Physics + AI Key to Production Optimization

Ferdinand Hingerl, PhD, Lead Data Scientist

We think that machine learning/artificial intelligence (ML/AI) skills will be part of each production engineer’s toolbox in the future, but differ on the clear distinction between AI vs. physics and the validity of hybrid approaches as presented in a recent article.

Several recent studies have demonstrated clearly that a combined AI+physics approach can merge the upsides of each world, which allows us to tackle engineering and science problems more efficiently with increasingly better accuracy and predictability. The article mentions reservoir simulation as an example to support his view, but we believe reservoir simulation is actually a case that will benefit substantially from a hybrid approach.

Hybrid models have become a traditional tool in the engineer’s toolbox. However, the article seems to disparage them as an unintentional consequence of engineers’ over-simplified understanding of ML. We anticipate that data-driven models will eventually learn the laws of physics from data alone and be able to transfer that knowledge from one problem to another. However, in the current practical solution of engineering-related problems, a balance between physics-based and data-driven components working together towards an improved solution is much more feasible. Hybrid models are traditional, intentional engineering approaches to model development that go beyond the two classes of ML applications in the article.

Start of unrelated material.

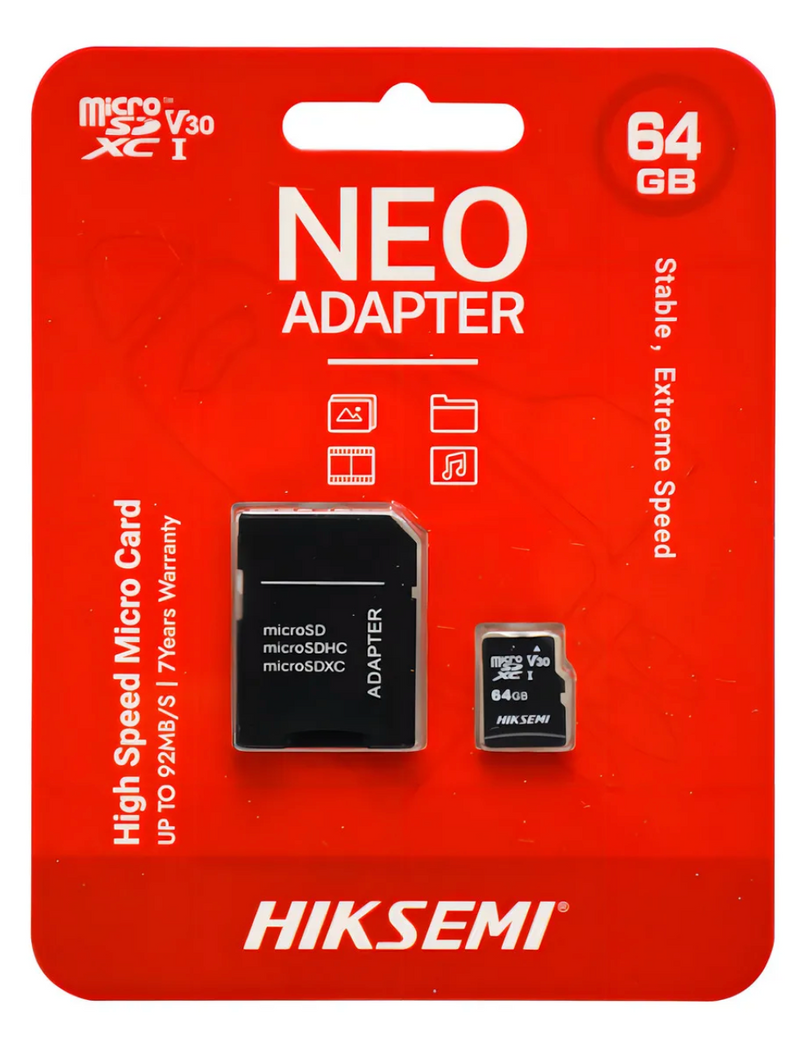 La Memoria Micro SD Hiksemi Neo de 64GB con adaptador SD es una solución práctica y confiable para ampliar el almacenamiento de smartphones, tablets, cámaras, notebooks, consolas y otros dispositivos compatibles.

There have been efforts to solve well production optimization problems in mature waterfloods for years by purely using AI, without success. If one does not have a full geologic representation and understanding of basic flow relationships and flow paths in the subsurface, a purely datadriven solution will most likely not be able to provide solutions to even the most basic engineering problems, such as determining the optimal location for the next infill well or predicting remaining recoverable oil in place.

These previous efforts only broke into the market once experienced reservoir simulation engineers proceeded hybridizing their physics knowledge with the existing data driven approaches. A full CFD-based reservoir simulation is subject to a large number of simplifying assumptions (as outlined by the article), is computationally very costly, extremely demanding to set up (typically around two years for a full reservoir including history matching, with several geologists and reservoir engineers involved), and requires a huge amount of data that will be re-fitted in the end to match observed production values (e.g., relative permeability curves, transmissibilities, etc.). Therefore, while this technology is tested and proven, it also is tremendously challenging to use, provides only approximate results, is expensive, and likely will not be the way forward on its own, in our opinion.

We believe the way forward in reservoir engineering/simulation should be based on our system understanding (i.e., physics), which then should be merged with our new access to modern AI algorithms to account for noise and relationships, which are based on physics but too complex to be captured by equations. This amalgamation can happen in many different ways, such as physics-based engineered features for AI, physics-informed (non-linear) constraints and bounds on AI parameters (input and output), etc, but in the end, we will need to come up with smart ideas to merge the two worlds. Only then can we extrapolate with confidence, trust our predictions, and reduce the amount of data required for AI, while at the same time churning out predictions at much higher speed, increasing confidence, and reducing computational overhead as a purely physics-driven approach would allow us to provide.